Search code examples
google-bigqueryapache-beamdataflow

How can I filter duplicate TableRow data for big query to remove duplicate rows?


Im new to Dataflow so forgive me if my question is funny, I have a csv file I am reading and it has repeated rows, I am reading this data and writing to big query, however I don't want to write duplicate data to my BQ table.

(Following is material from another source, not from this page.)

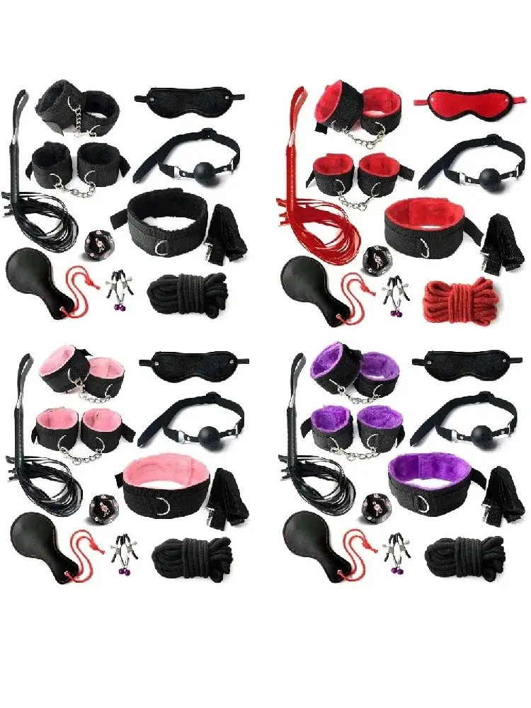 15 Piece SM Bondage Set Sexy Plush Handcuffs Whip Big Mouth Balls Teethers Nipple Clamps Couple Sex Toys Adult Bedding

I have thought of 1 approach but I dont know how to implement it, It involves adding some sort of flag to the schema to mark it unique but I dont know how

Lists.newArrayList(
  new TableFieldSchema()
         .setName("person_id")
         .setMode("NULLABLE").setType("STRING"),
  new TableFieldSchema()
         .setName("person_name")
         .setMode("NULLABLE")
         .setType("STRING") // Cant I add another unique property here?
) 

Dont know if that method will work, But all I need is to filter the rows retrieved from a transformation like

PCollection<TableRow> peopleRows = 
  pipeline
     .apply(
        "Convert to BiqQuery Table Row",
        ParDo.of(new FormatForBigquery())

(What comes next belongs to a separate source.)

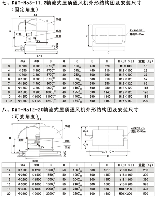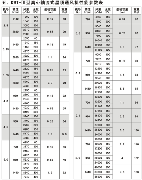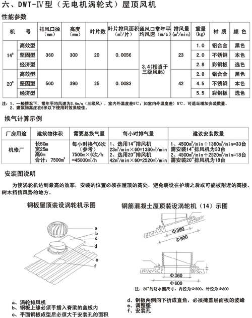 一、特點(diǎn) 1.型式規(guī)格多,應(yīng)用范圍廣:可根據(jù)使用場(chǎng)合的風(fēng)量,風(fēng)壓和噪聲的不同要求,選用以下型式的風(fēng)機(jī): (a)離心式屋頂通風(fēng)機(jī):DWT-III型,適用于風(fēng)量較小而壓力要求較高的場(chǎng)合; (b)無(wú)電機(jī)屋頂通風(fēng)機(jī):代號(hào)為DWT-IV型,適用于鋼結(jié)構(gòu)屋頂,是新世紀(jì)環(huán)保風(fēng)機(jī)首選產(chǎn)品。 2.效率高噪聲低本風(fēng)機(jī)系采用先進(jìn)的CAD系列軟件,經(jīng)多目標(biāo)優(yōu)化設(shè)計(jì)開(kāi)發(fā)。本系列風(fēng)機(jī)中1200.1400.1500.1600.2000.及2400mm風(fēng)機(jī)采用同值徑不同轉(zhuǎn)速,不同角度改變幾量.風(fēng)壓的方法,以滿足不同使用工況的需要,達(dá)到風(fēng)機(jī)與系統(tǒng)匹配,以利實(shí)現(xiàn)節(jié)能和降低噪聲; 3.質(zhì)輕。高強(qiáng)。耐腐蝕;風(fēng)機(jī)葉輪可根據(jù)工作空氣介質(zhì)不同的腐蝕性而采用不同的材質(zhì),分別有ABS(工程塑料)FRP(玻璃鋼)和鋁合金板材制作,對(duì)于壓力要求高,風(fēng)機(jī)轉(zhuǎn)速較大的離心風(fēng)機(jī),葉輪表面較特殊的鍍鋅加噴塑耐蝕處理,不僅降低整機(jī)重量且有良好的耐腐蝕能力; 4.運(yùn)轉(zhuǎn)平穩(wěn),壽命長(zhǎng);本風(fēng)機(jī)的轉(zhuǎn)動(dòng)慣量小,動(dòng)平衡精度高,運(yùn)轉(zhuǎn)平穩(wěn),各項(xiàng)性能指標(biāo)的工廠內(nèi)控標(biāo)準(zhǔn)要求均高于風(fēng)機(jī)待業(yè)標(biāo)準(zhǔn),能確保風(fēng)機(jī)長(zhǎng)期穩(wěn)定地運(yùn)行; 5.適用面廣:本風(fēng)機(jī)可以根據(jù)使用要求,制造成防爆型,阻燃型,適用于抗老化,抽送易燃易爆及有腐蝕性氣體的場(chǎng)合; 6.外型美觀:本風(fēng)機(jī)的風(fēng)帽部件采用玻璃鋼制作,外表采用進(jìn)口膠衣樹脂膜,曲面過(guò)渡柔和,美觀大方,實(shí)用性強(qiáng);也可根據(jù)用戶要求制成鋼風(fēng)帽經(jīng)鍍鋅噴塑(PVC)處理; 7.使用條件:介質(zhì)溫度不超過(guò)60攝氏度,氣體中不允許含有過(guò)量粘性物,含塵量小于100mg/m。對(duì)介質(zhì)溫度高的場(chǎng)合,我廠有高溫風(fēng)機(jī)技術(shù)可提供產(chǎn)品使用。 8.本產(chǎn)品經(jīng)浙江省產(chǎn)品技術(shù)監(jiān)督所檢測(cè)合格,檢測(cè)項(xiàng)目含阻燃,導(dǎo)電性能,防爆,抗風(fēng)性能等,由市產(chǎn)品技術(shù)監(jiān)督局監(jiān)制。二、型號(hào)結(jié)構(gòu)說(shuō)明 1.軸流式屋頂風(fēng)機(jī)直徑自300-2400mm,供十七種機(jī)號(hào),離心式屋頂風(fēng)機(jī)有300-1000mm九種機(jī)號(hào)。還可根據(jù)用戶需要提供其它機(jī)號(hào)的風(fēng)機(jī); 2.各種型號(hào)的風(fēng)機(jī)結(jié)構(gòu)可參閱總裝圖,它由葉輪,風(fēng)筒,風(fēng)帽,傳動(dòng)部件,活頁(yè)風(fēng)門,防鳥網(wǎng),安全網(wǎng)等部件組成;(以上配置,按用戶要求制作) 3.風(fēng)機(jī)傳動(dòng)形式:DWT-1型風(fēng)機(jī)直徑<_2200mm采用電機(jī)直聯(lián)傳動(dòng),2200mm以上風(fēng)機(jī)采用皮帶傳動(dòng)形式,也可根據(jù)客戶要求采用減速器傳動(dòng)形式,活頁(yè)風(fēng)門有重力式,電動(dòng)式和手動(dòng)式三種。 4.屋頂風(fēng)使用范圍廣且數(shù)量大,根據(jù)用途的需要結(jié)構(gòu)形式繁雜,本廠可按用戶不同的技術(shù)要求,進(jìn)行研制開(kāi)發(fā),并對(duì)外形結(jié)構(gòu)進(jìn)行改進(jìn)。![]() ![]()

    // Next step to filter duplicates

Solution

  • If we think of the output for your reading of the CSV as a PCollection then we can eliminate duplicates by passing the PCollection through the Distinct transform. The purpose of this transform is to take the input PCollection and generate a new PCollection that is the original PCollection with no duplicates. As part of the Distinct pre-made transform, there is the opportunity to specify ones own function that will be invoked to determine what classifies a two PCollection objects as equal and hence which ones to remove.